→ **Dataset content**
^^^^
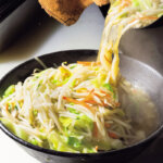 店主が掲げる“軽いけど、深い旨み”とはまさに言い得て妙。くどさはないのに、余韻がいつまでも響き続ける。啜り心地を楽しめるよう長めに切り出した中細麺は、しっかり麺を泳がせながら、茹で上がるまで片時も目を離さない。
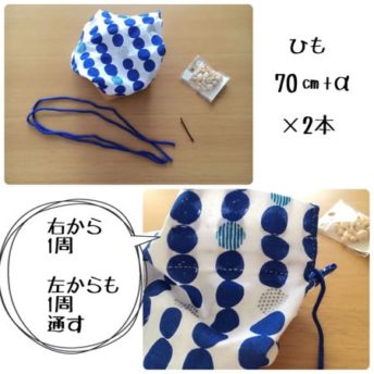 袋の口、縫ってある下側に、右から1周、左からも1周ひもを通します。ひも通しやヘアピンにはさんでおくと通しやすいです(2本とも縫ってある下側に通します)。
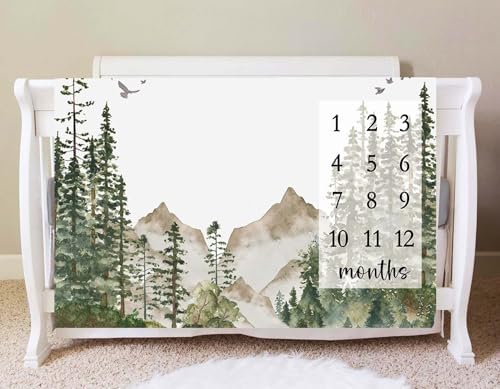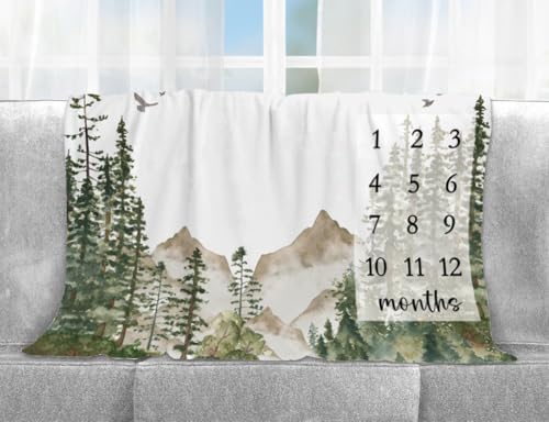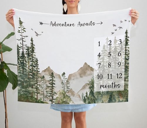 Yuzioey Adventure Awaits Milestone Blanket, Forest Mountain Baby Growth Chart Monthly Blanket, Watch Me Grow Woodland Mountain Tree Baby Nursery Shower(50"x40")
^^^^
→ **Work required**
The reply should repeat the data in full, exactly as given, and contain no pictures.

→ **Response**
 店主が掲げる“軽いけど、深い旨み”とはまさに言い得て妙。くどさはないのに、余韻がいつまでも響き続ける。啜り心地を楽しめるよう長めに切り出した中細麺は、しっかり麺を泳がせながら、茹で上がるまで片時も目を離さない。
 袋の口、縫ってある下側に、右から1周、左からも1周ひもを通します。ひも通しやヘアピンにはさんでおくと通しやすいです(2本とも縫ってある下側に通します)。
 Yuzioey Adventure Awaits Milestone Blanket, Forest Mountain Baby Growth Chart Monthly Blanket, Watch Me Grow Woodland Mountain Tree Baby Nursery Shower(50"x40")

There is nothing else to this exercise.